▶ [ASSIGNED TASK]: I'd like the data below restated word for word, with the pictures left out.
━━━━━ INFORMATION SUPPLIED
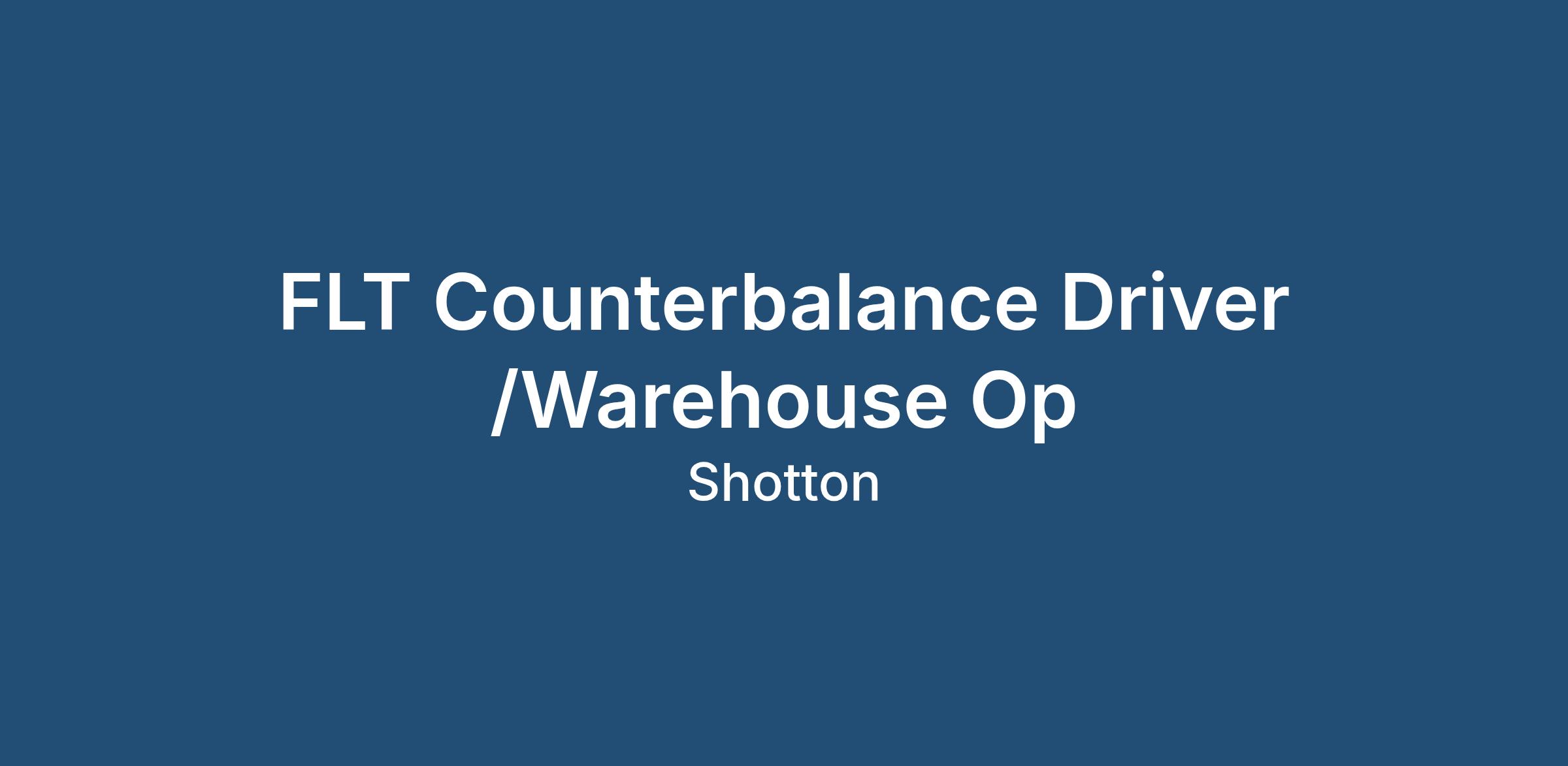 FLT Counterbalance Driver /Warehouse Op
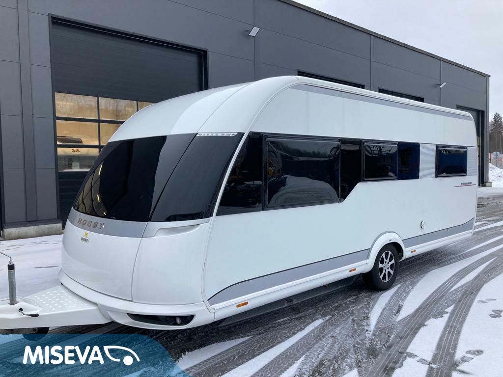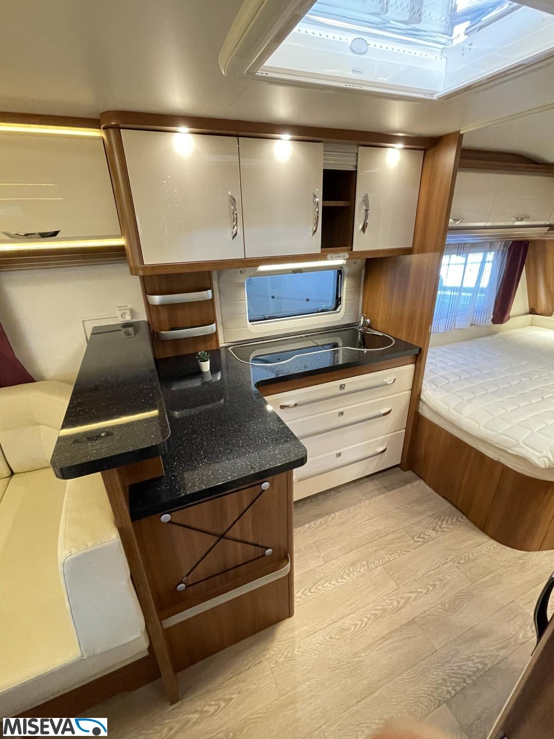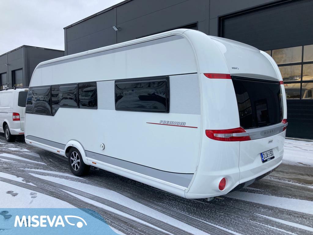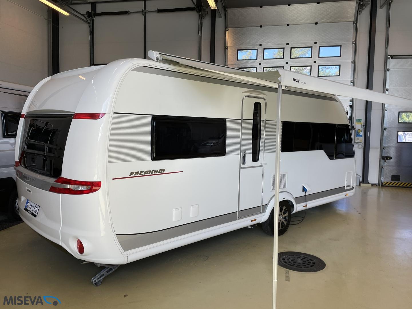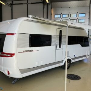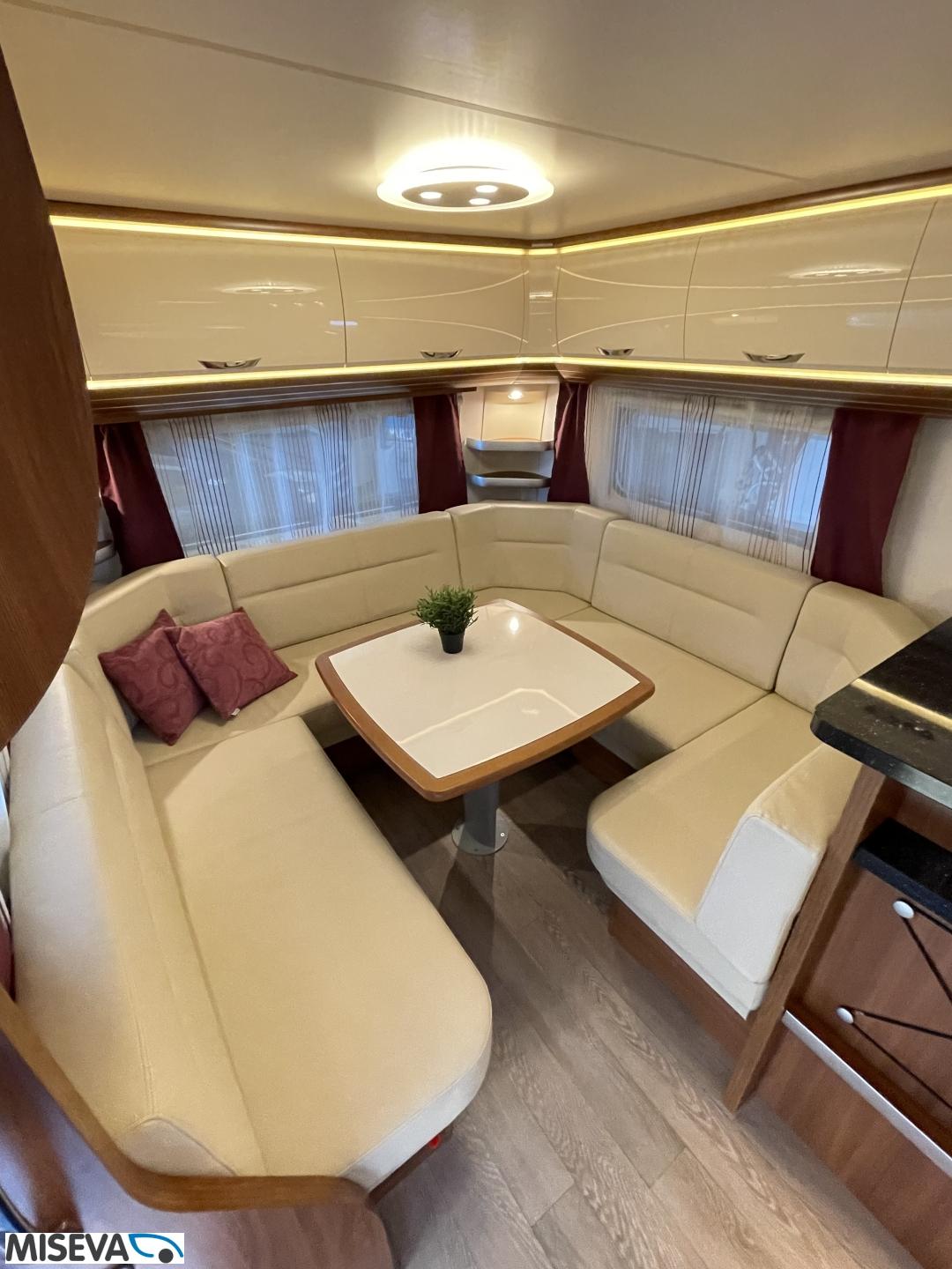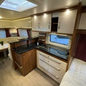 Premium-sarjan suosikkimalli hyvillä varusteilla. Takana U-istuinryhmä keskellä hulppea keittiö isolla jääkaapilla, edessä parivuode ja pesutilat.
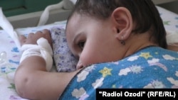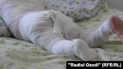 Девочка лежит в ожоговом отделении городской клинической больницы №3 Душанбе. Врачам приходится привязывать руки 1,5-годовалой Сумаи к больничной койке, потому что ребенок может расчесать раны до крови.
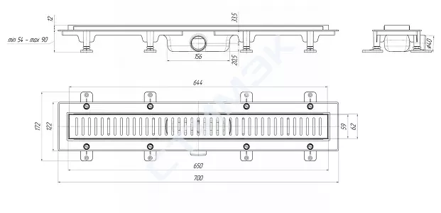 Трап линейный пластиковый выпуск 40 мм решётка Бимс матовая нерж. сталь 650 мм TL1465M АНИ пласт TL1465M
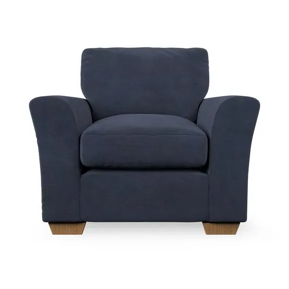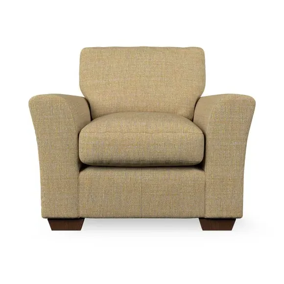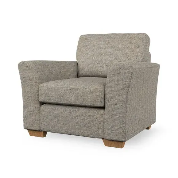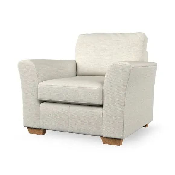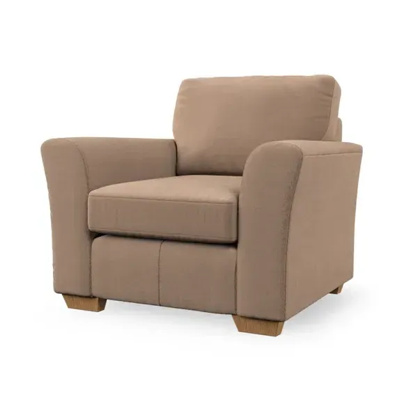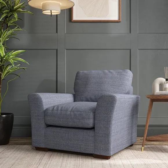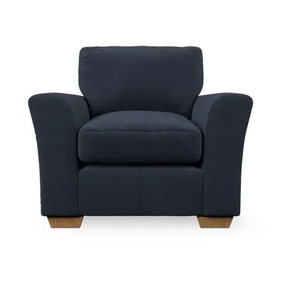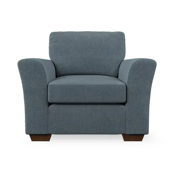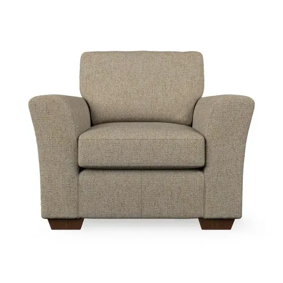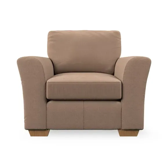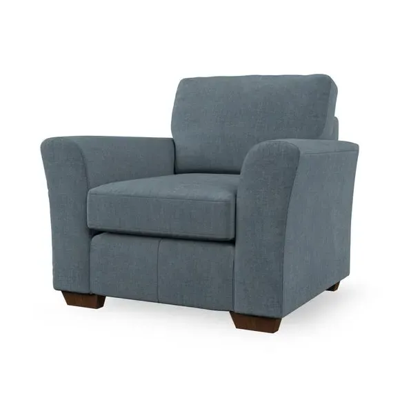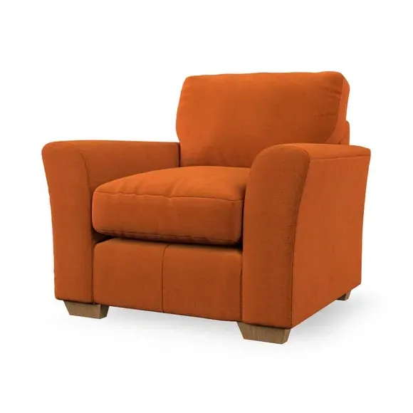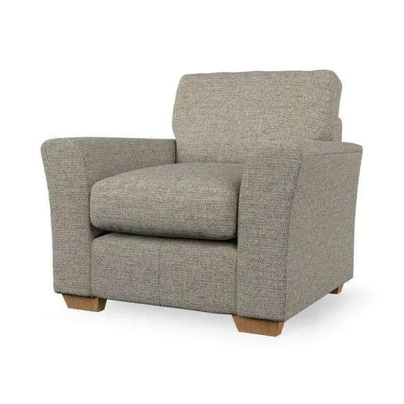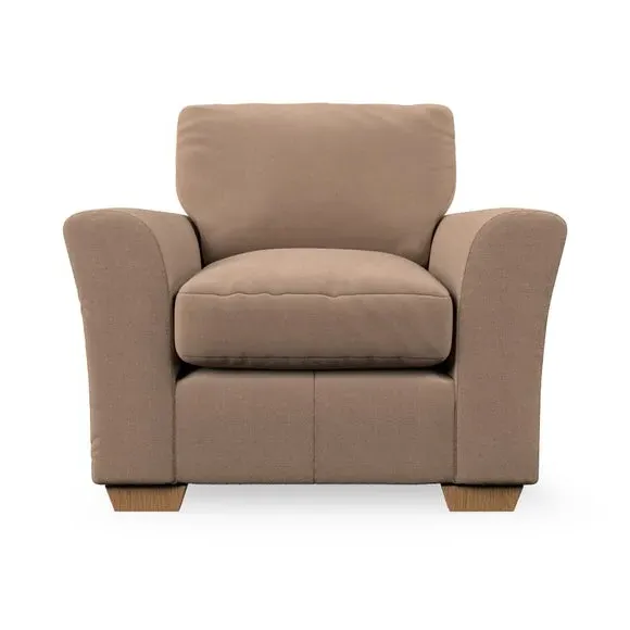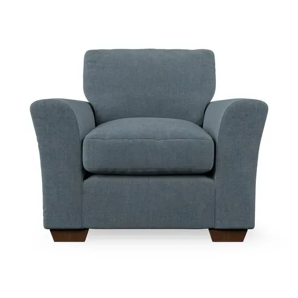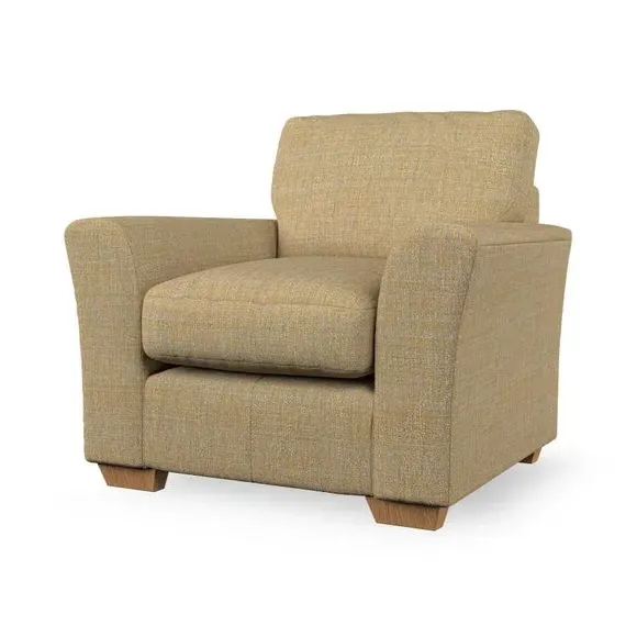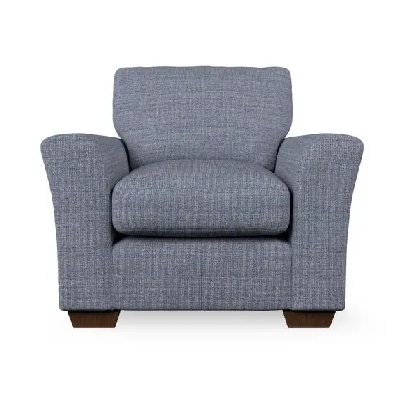 * Classical modern style* Flared arms* Stitched arm detailing* High back* Serpentine seat springs* Choose your support, fabric and leg colour This armchair's soft, swept armrests and refined stitching details give it an elegant look. The fibre-filled back cushion offers outstanding support, while the seat can be customised with either foam or ‘Qualofill Blue’ fibre filling. Supported by durable serpentine springs and stylish hardwood legs in two finishes, this armchair is both supportive and stylish, making it a perfect accent for any living space.
━━━━━━━━━━
▶ [ANSWER TO THE PROBLEM]:
 FLT Counterbalance Driver /Warehouse Op
 Premium-sarjan suosikkimalli hyvillä varusteilla. Takana U-istuinryhmä keskellä hulppea keittiö isolla jääkaapilla, edessä parivuode ja pesutilat.
 Девочка лежит в ожоговом отделении городской клинической больницы №3 Душанбе. Врачам приходится привязывать руки 1,5-годовалой Сумаи к больничной койке, потому что ребенок может расчесать раны до крови.
 Трап линейный пластиковый выпуск 40 мм решётка Бимс матовая нерж. сталь 650 мм TL1465M АНИ пласт TL1465M
 * Classical modern style* Flared arms* Stitched arm detailing* High back* Serpentine seat springs* Choose your support, fabric and leg colour This armchair's soft, swept armrests and refined stitching details give it an elegant look. The fibre-filled back cushion offers outstanding support, while the seat can be customised with either foam or ‘Qualofill Blue’ fibre filling. Supported by durable serpentine springs and stylish hardwood legs in two finishes, this armchair is both supportive and stylish, making it a perfect accent for any living space.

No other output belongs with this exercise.